## Brief
In the data below, one line contains "26일 국세청에 따르면" and a later one contains "DeleteEX | Graffiti". Print both, with every line between them, exactly and alone.

## Given records

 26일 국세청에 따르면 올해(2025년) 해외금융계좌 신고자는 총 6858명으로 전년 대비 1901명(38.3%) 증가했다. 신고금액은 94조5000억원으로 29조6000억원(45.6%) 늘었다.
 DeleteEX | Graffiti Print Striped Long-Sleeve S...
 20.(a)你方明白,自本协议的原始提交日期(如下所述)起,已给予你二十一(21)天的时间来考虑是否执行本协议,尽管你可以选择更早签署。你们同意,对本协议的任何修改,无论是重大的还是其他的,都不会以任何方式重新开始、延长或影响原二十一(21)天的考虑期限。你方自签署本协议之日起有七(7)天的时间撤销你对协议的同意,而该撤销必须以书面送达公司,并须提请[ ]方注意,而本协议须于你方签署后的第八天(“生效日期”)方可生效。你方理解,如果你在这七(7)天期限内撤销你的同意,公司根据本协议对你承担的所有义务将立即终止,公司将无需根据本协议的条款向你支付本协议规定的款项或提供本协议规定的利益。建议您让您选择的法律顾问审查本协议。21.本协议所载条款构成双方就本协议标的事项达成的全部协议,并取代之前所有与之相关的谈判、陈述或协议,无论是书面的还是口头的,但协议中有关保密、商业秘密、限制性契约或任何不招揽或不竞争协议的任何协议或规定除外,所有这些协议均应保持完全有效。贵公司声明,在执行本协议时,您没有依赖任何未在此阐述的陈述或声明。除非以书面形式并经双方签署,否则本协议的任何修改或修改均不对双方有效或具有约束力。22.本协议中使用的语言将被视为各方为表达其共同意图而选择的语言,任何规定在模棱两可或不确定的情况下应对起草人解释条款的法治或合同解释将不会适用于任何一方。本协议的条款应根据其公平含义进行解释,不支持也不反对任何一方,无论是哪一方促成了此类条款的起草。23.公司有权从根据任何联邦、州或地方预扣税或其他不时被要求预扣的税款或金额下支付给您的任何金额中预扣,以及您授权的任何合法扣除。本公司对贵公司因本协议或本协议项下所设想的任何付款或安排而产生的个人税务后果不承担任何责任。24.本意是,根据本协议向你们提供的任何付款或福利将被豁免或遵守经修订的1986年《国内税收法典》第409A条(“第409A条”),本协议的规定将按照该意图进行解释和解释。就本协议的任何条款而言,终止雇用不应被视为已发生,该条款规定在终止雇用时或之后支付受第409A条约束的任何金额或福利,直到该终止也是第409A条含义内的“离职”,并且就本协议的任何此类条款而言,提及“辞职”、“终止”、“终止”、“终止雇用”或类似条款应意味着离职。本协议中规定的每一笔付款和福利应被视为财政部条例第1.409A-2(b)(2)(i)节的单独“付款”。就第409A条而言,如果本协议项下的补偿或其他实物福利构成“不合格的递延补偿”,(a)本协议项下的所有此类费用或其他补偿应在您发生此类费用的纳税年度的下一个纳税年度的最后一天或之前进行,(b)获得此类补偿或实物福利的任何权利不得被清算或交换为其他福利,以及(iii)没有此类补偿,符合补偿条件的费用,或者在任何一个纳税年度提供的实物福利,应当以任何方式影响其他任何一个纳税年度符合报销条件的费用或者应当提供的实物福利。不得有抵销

--

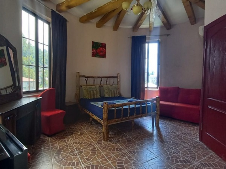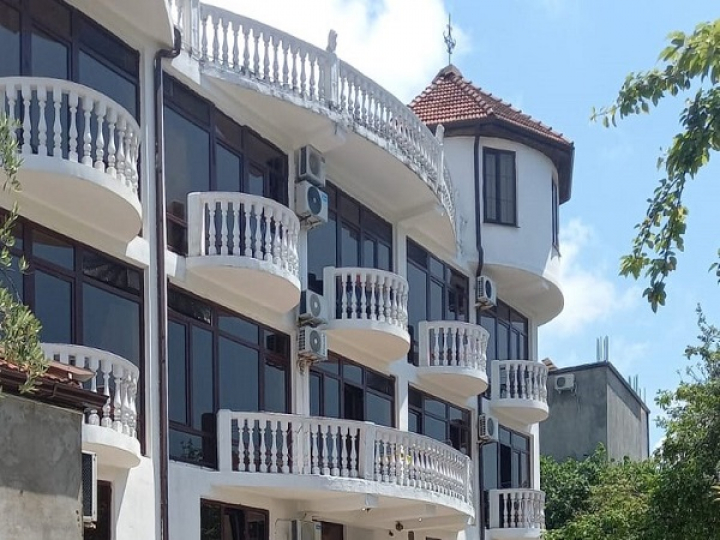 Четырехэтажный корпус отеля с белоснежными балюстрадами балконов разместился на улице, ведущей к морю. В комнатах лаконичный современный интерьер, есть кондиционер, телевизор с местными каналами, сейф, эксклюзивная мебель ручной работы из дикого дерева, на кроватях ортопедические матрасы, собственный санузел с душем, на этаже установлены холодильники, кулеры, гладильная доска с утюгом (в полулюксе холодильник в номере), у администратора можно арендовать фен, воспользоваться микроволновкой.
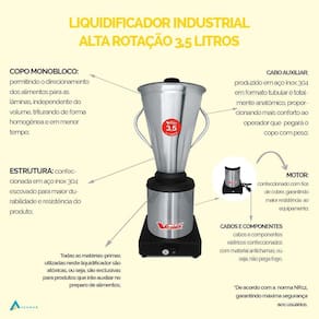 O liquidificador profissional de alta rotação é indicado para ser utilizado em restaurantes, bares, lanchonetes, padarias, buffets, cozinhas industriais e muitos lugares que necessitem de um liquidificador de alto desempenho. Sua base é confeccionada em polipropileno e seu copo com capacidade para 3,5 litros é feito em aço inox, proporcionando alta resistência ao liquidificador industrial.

## Exercise result
 26일 국세청에 따르면 올해(2025년) 해외금융계좌 신고자는 총 6858명으로 전년 대비 1901명(38.3%) 증가했다. 신고금액은 94조5000억원으로 29조6000억원(45.6%) 늘었다.
 DeleteEX | Graffiti Print Striped Long-Sleeve S...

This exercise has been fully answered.